**TASK TO CARRY OUT:**
Records follow. Print exactly the lines from the one that has "Dejlig, nem og" through the one that has "金色几何玻璃城市建筑黑色背景", inclusive, and omit the pictures.

**EXTRACTED RECORDS:**
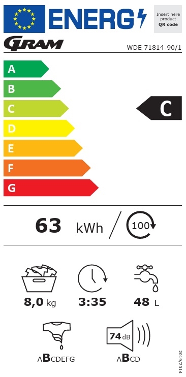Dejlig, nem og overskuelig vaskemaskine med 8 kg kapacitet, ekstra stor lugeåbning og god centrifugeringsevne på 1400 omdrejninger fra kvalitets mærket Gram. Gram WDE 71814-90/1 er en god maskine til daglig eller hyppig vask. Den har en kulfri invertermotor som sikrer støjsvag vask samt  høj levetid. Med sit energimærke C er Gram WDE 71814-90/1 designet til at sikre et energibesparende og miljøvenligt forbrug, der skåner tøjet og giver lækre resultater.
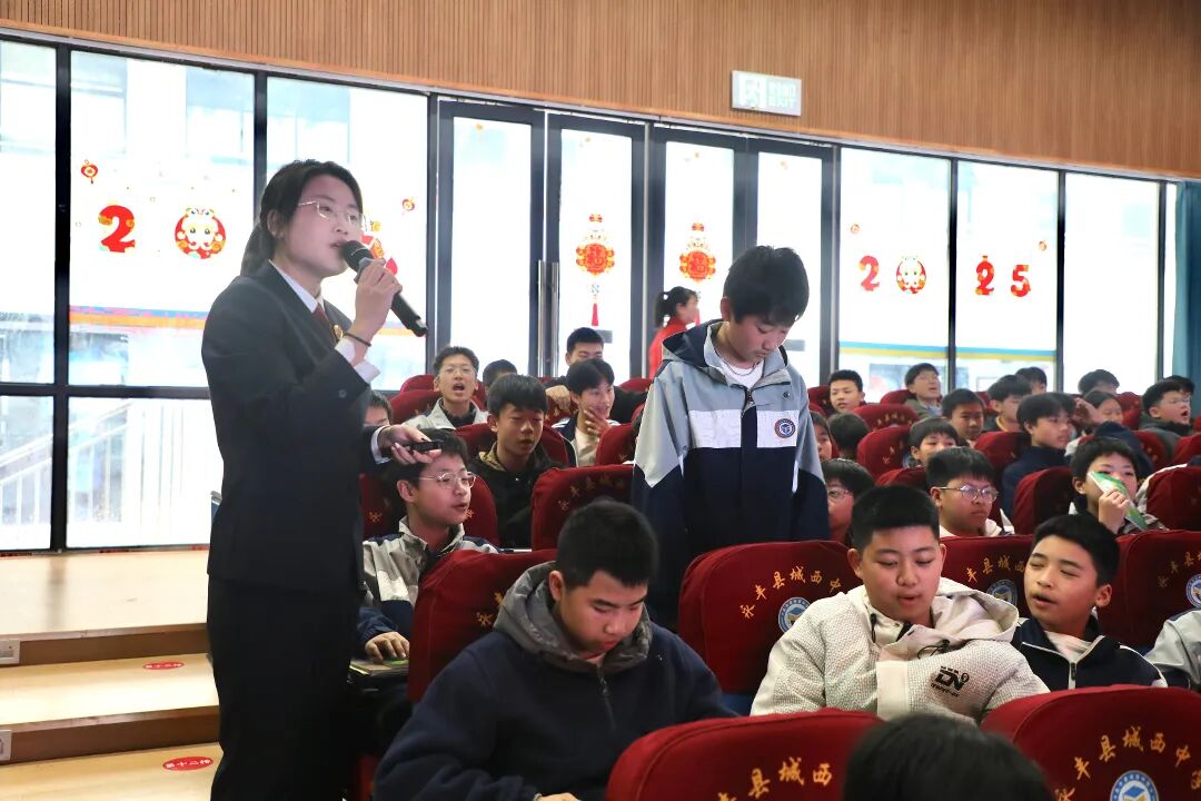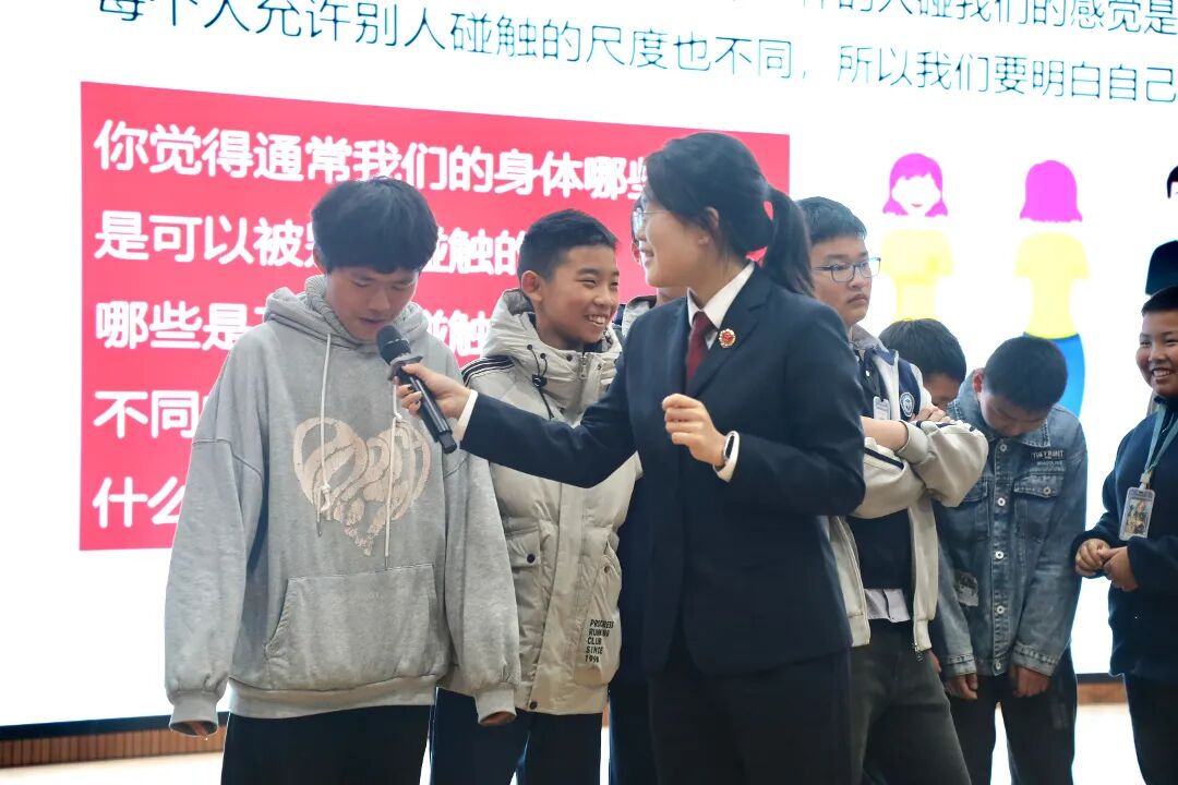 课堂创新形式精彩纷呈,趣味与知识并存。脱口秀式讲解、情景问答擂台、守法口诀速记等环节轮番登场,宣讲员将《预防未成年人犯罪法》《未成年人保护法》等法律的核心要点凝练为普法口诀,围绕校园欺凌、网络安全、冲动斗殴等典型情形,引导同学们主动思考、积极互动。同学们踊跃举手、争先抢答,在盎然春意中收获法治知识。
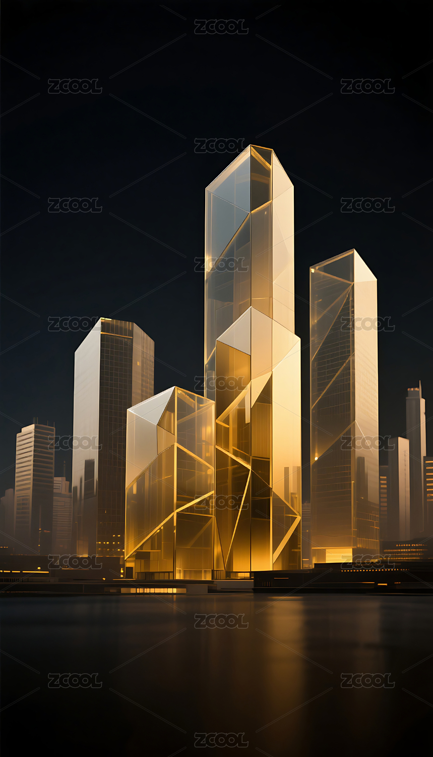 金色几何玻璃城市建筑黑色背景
* * *
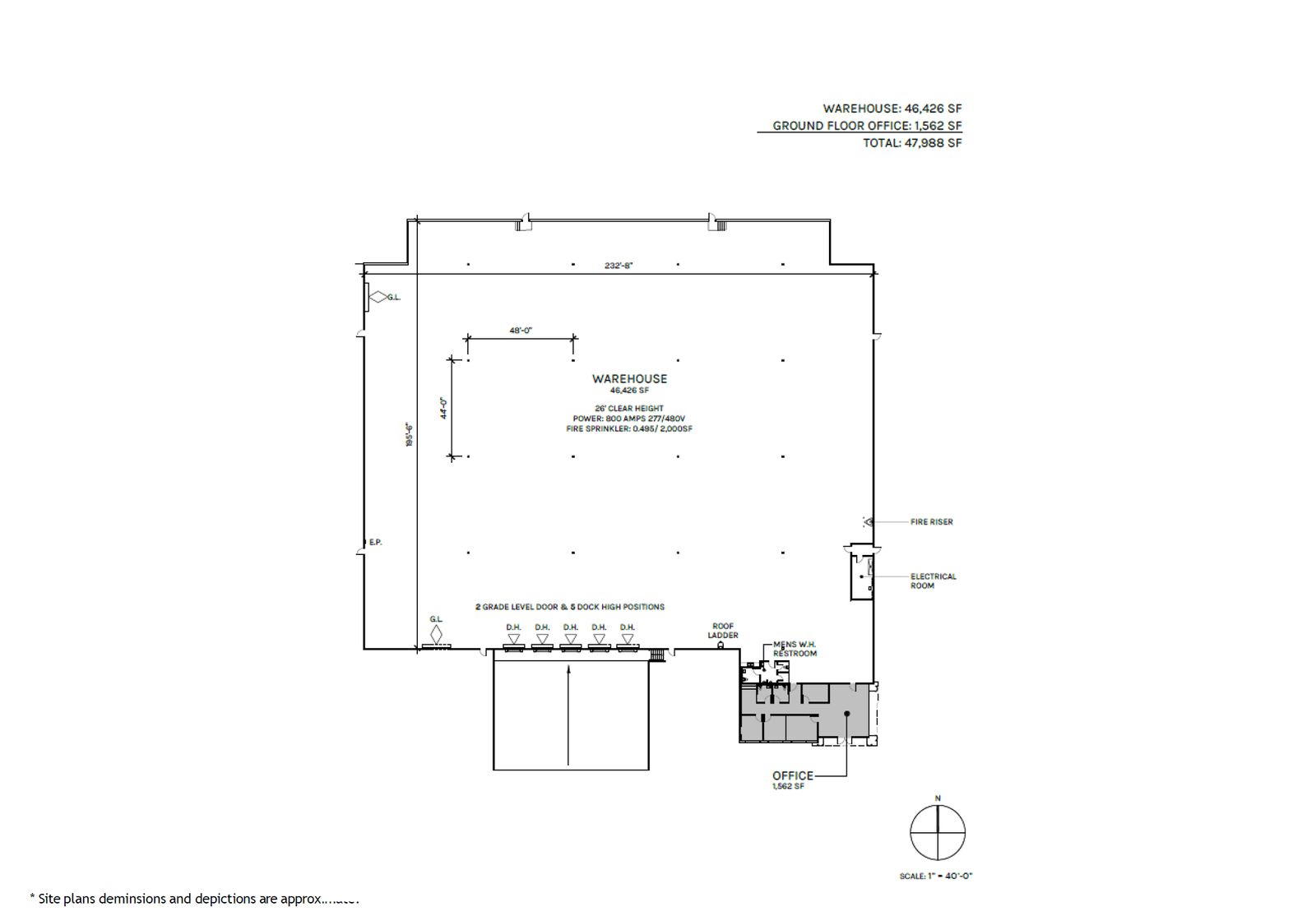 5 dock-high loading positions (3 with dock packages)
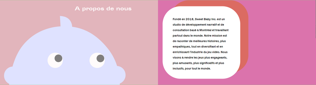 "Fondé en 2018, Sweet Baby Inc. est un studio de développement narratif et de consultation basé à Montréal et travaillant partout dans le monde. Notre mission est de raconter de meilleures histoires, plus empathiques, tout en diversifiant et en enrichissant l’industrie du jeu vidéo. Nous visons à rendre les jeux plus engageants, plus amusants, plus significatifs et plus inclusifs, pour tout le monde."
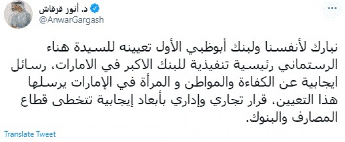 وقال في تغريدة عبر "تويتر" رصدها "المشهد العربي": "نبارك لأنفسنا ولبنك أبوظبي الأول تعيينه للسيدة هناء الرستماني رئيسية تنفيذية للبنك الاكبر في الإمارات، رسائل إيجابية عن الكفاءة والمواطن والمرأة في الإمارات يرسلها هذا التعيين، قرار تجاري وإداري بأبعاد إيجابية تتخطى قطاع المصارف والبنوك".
--
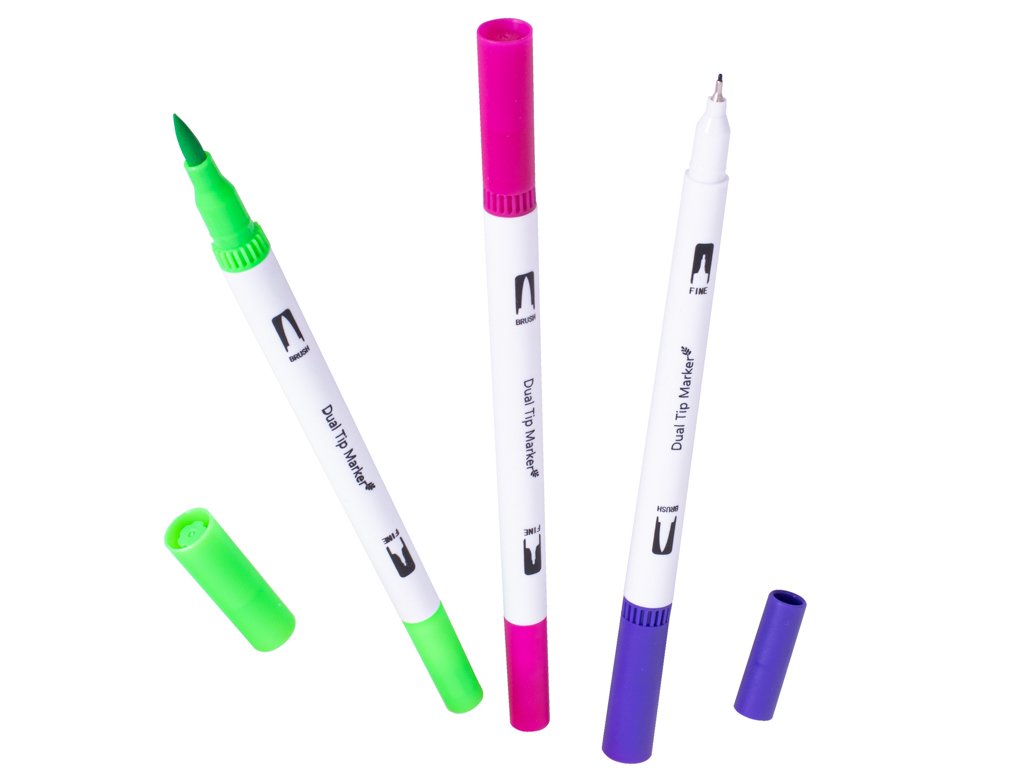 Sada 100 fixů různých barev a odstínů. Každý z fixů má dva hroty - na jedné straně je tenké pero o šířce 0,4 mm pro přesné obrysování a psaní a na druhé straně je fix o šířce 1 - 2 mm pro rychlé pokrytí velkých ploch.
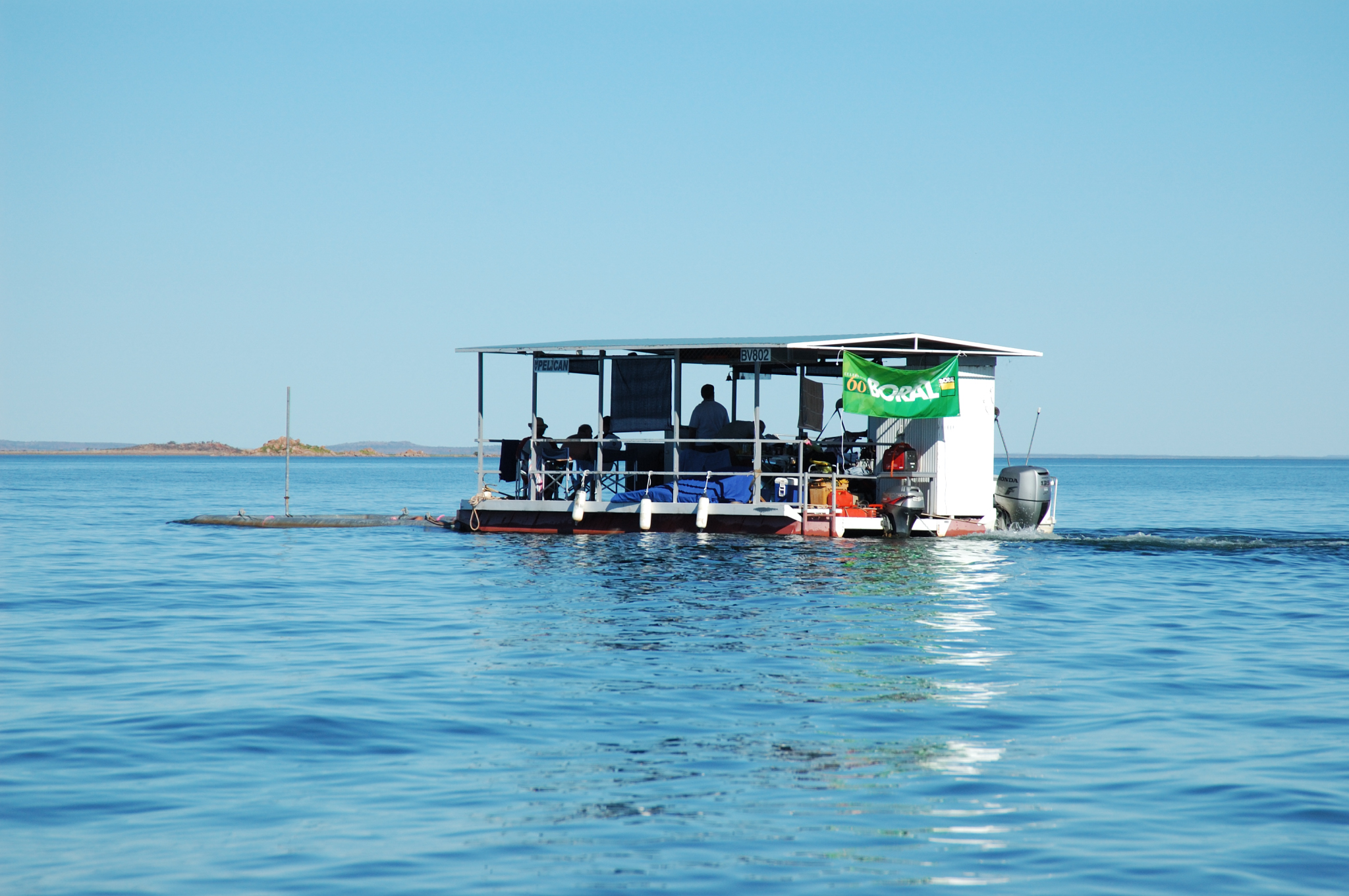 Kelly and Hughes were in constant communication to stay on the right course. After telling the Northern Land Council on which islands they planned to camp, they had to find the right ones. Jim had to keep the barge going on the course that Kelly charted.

**REPLY TO THE EXERCISE:**
Dejlig, nem og overskuelig vaskemaskine med 8 kg kapacitet, ekstra stor lugeåbning og god centrifugeringsevne på 1400 omdrejninger fra kvalitets mærket Gram. Gram WDE 71814-90/1 er en god maskine til daglig eller hyppig vask. Den har en kulfri invertermotor som sikrer støjsvag vask samt  høj levetid. Med sit energimærke C er Gram WDE 71814-90/1 designet til at sikre et energibesparende og miljøvenligt forbrug, der skåner tøjet og giver lækre resultater.
 课堂创新形式精彩纷呈,趣味与知识并存。脱口秀式讲解、情景问答擂台、守法口诀速记等环节轮番登场,宣讲员将《预防未成年人犯罪法》《未成年人保护法》等法律的核心要点凝练为普法口诀,围绕校园欺凌、网络安全、冲动斗殴等典型情形,引导同学们主动思考、积极互动。同学们踊跃举手、争先抢答,在盎然春意中收获法治知识。
 金色几何玻璃城市建筑黑色背景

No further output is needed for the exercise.